S4: collecting corresponding attributes of the facial features and the hair style attributes, establishing a mapping table of the facial features and the hair style attributes, and dividing the facial features into four two-classification indexes and one multi-classification index, wherein the two classifications comprise: the first index, the second index, the third index, the fourth index, the multi-category index includes: a fifth index;
the first index is used for distinguishing the length of a court, the second index is used for distinguishing the width of the court, the third index is used for distinguishing the length of the court, the fourth index is used for distinguishing the length of an eye space, and the fifth index is used for distinguishing a face type, wherein the face type comprises a square face, an oval face, a long face and a round face.
In the present embodiment, the mapping relationship between facial features and hairstyle is shown in table 1 below:
TABLE 1 mapping relationship Table of facial features and hairstyle
Figure BDA0002682369720000081
Figure BDA0002682369720000091
S5: training three families respectively by adopting a ResNet neural network based on the three data sets;
training a court data set by adopting a ResNet neural network to obtain a model for predicting the length of a court and the width of the court;
training an atrium data set by adopting a ResNet neural network to obtain a model for predicting the atrium length and the eye distance;
and training the next family data set by adopting a ResNet neural network to obtain a model for predicting the face shape of the human face.

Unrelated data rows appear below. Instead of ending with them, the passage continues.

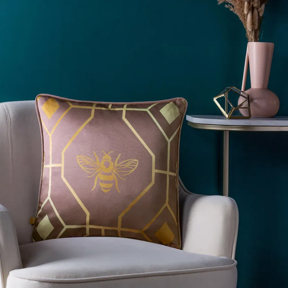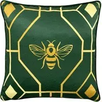 The duvet set features a geometric bee design with soft gold accents on an eau de nil background. Its polycotton construction provides comfort and durability, while the reverse displays a coordinating bee pattern for versatile styling. The clear button closure ensures easy duvet removal and secure fitting.
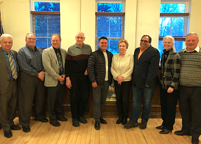 From left, Village of Lewiston counsel Joseph Leone; trustees Dan Gibson and Nick Conde; Game; Paladino; Welch; Williams; and trustees Marasco and Vic Eydt.
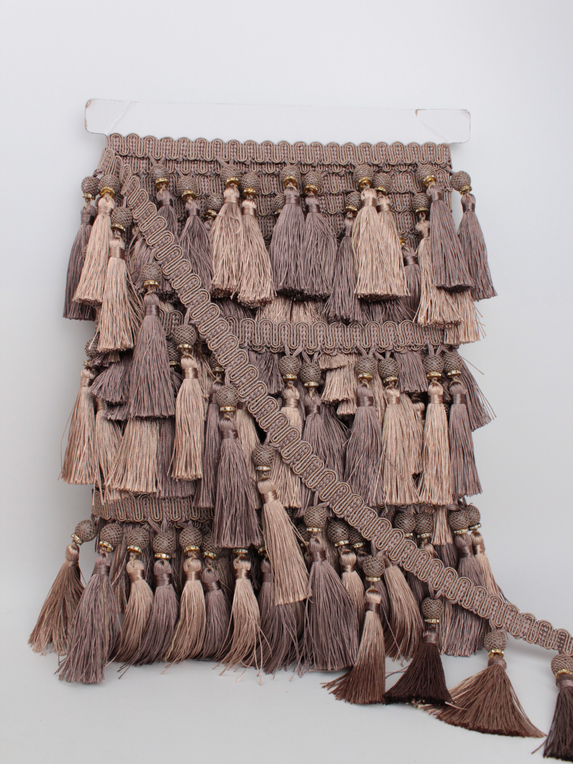 Бахрома шторная 12 м с кистокной 10 см бежево-коричневая
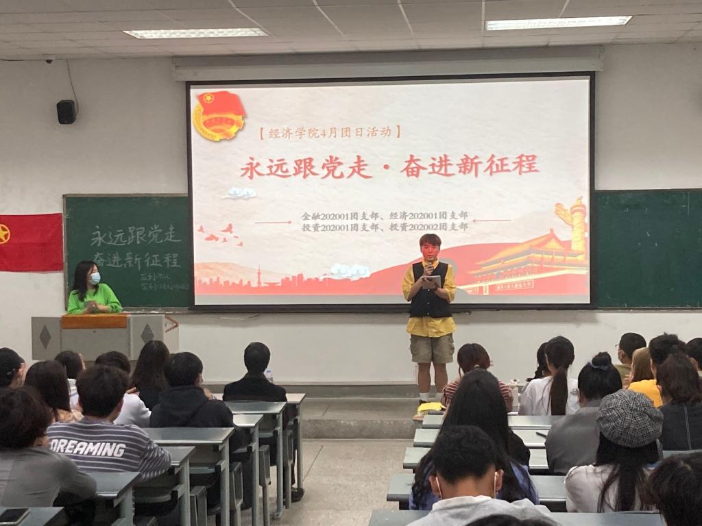 为迎接党的二十大的召开,动员团员牢记青年使命,传承发扬团的精神,带领团员青年学习团史,鼓励其坚定理想信念,金融202001团支部联合经济202001团支部、投资202001团支部、投资202002团支部召开了“永远跟党走,奋进新征程”主题团日活动。365官网张帮正老师、林桐老师、团委第一副书记唐晓臻与四支部全体成员参与了会议。

The training process of the three models adopts the following steps:
dividing the preprocessed three data sets into a training set, a verification set and a test set according to the proportion of 7:2:1, setting a model storage path, a data set path and a label reading mode, and selecting proper batch size and learning rate according to the GPU cache size of a used machine to ensure that the GPU cache does not overflow;
when the label is read, reading letters in the file names of the corresponding data sets according to different training models.
Training by using the divided training set, dynamically storing the weight of the network, observing the magnitude of a loss function value loss of network training in real time, and adjusting the parameters of the training network according to the verification effect of the verification set;
after the network parameters are adjusted for multiple times through the verification set, when the loss is maintained to be a value lower than 0.01 and the accuracy of the model on the verification set exceeds 0.85, the training is stopped, and the final model is obtained.
S6: classifying and predicting the facial features of the human face according to the model obtained by training, and giving a result of hair style recommendation attributes according to the facial features and a hair style attribute mapping table;
s7: establishing a hair style library, marking hair style attributes for each hair style and numbering;
the 3D hair style library is divided into two parts, the first part is a specific 3D model and the serial number thereof, and the part is deployed at a client, so that the transmission quantity of data can be reduced, and the effect preview efficiency is improved; the second part is the attribute and the number corresponding to the hair style, and the second part is deployed in a server to facilitate the retrieval of the subsequent steps.
S8, according to the result of model recommendation, searching in a hair style library to obtain a recommended hair style number;
s9, replacing the actual hairstyle of the user by the augmented reality technology according to the recommended hairstyle to preview the hairstyle, which specifically comprises the following steps: rendering a corresponding 3D display hair style view according to the output hair style number, synthesizing the 3D display hair style rendering view and the camera rendering view, and providing a hair style real-time effect preview.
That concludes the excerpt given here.